At this stage the thoughts of being uncertain about our feelings towards our partner are replacing our feelings of being attracted to the person. You will question your partner by questioning if this is the right person for you, does he even live up to the person I picture myself be with? Does he even want to be with me? At this stage is becomes easy for the man to jump from partner to partner, and the women to invest more into the relationship than what he is willing to invest. Will the grass be greener on the other side?
At this stage both partners have taken the decision of continuing the relationship and to commit. This creates a mutually loving and romantic relationship between the two and a sense of security.
At this point real intimacy is being explored and we put our guards down. The partners will start to explore each others sexuality and intimacy.
The last step is the last stage of the relationship were you have committed to your partner and a lifelong relationship can be built.
Today the relationship often starts at step 1, jumps to step 4, back to step 2 and step 3 is at this point completely out of the picture.
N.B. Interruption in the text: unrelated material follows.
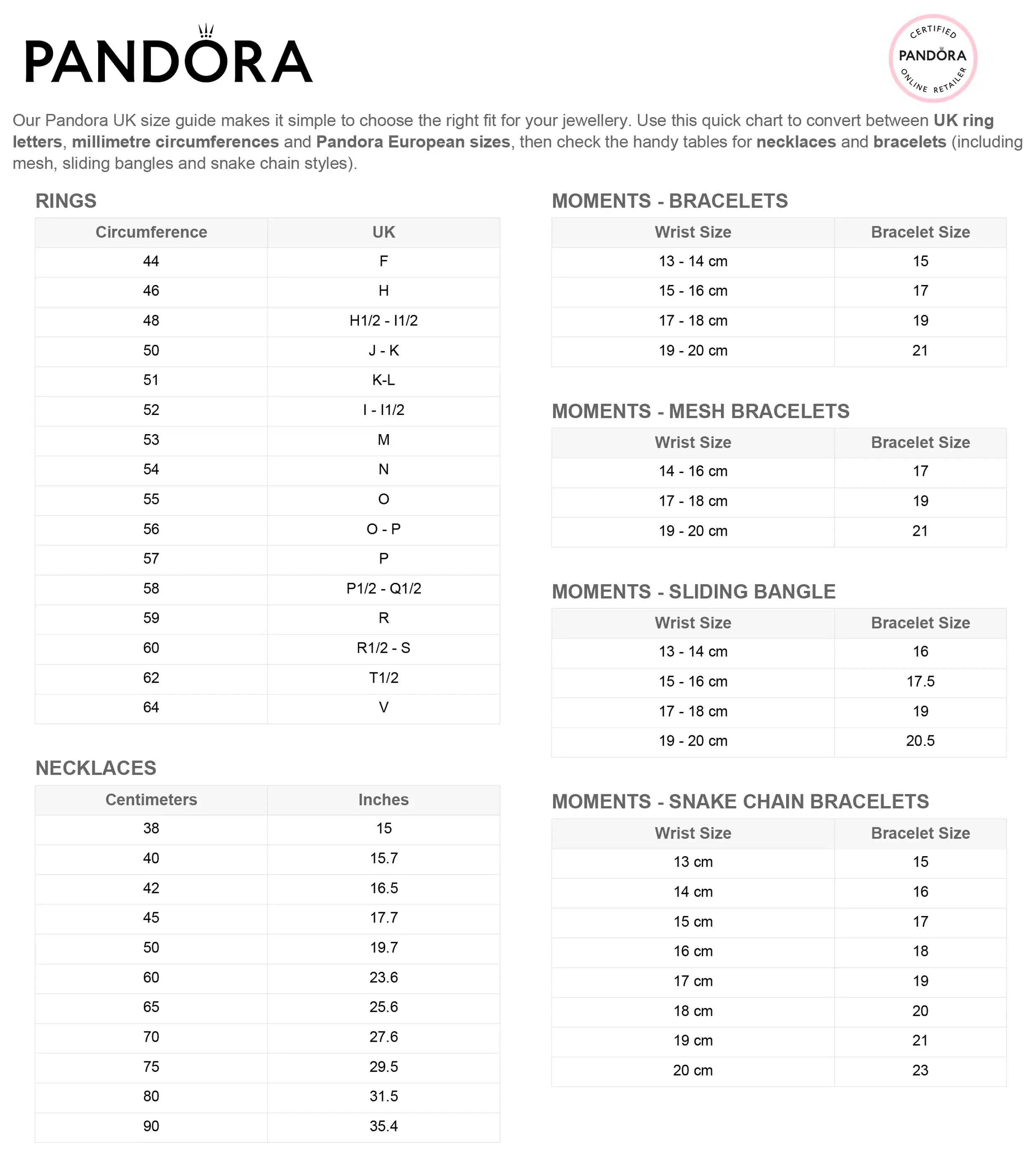 Sizing for the Pandora jewellery can often be a minefield so we have added our size guide here to make things easier for you when chosing your rings, bracelets and necklaces.

John Gray stated that every step has to go naturally and not rushed, in order the build a strong foundation and lasting relationship. How many times has it not happened that you meet someone and then took an intimate step, looked back and regretting the action, since the action has taken away the exclusivity, leaving the relationship with a shitty vibe that actually could have become something much bigger. I personally find Gray’s 5 steps so accurate. It is so important to get to know your partner before taking the step of becoming intimate. In my opinion you cant give the entire map of how you work and your body at once, but small hits and leads will make the relationship interesting and not so rushed. Furthermore, when reaching the intimacy step, the attraction and eager to ’have’ you will be much more, because your partner has developed genuine feelings towards you. And so have to you.
Hahaha while writing this i started to laugh to myself. I think that it is sort of ironic that i have all these opinions but still, i have not been taken out on a date date. I often hear that going on dates are still happen, but here hahaha dates never really happen. It is so sad.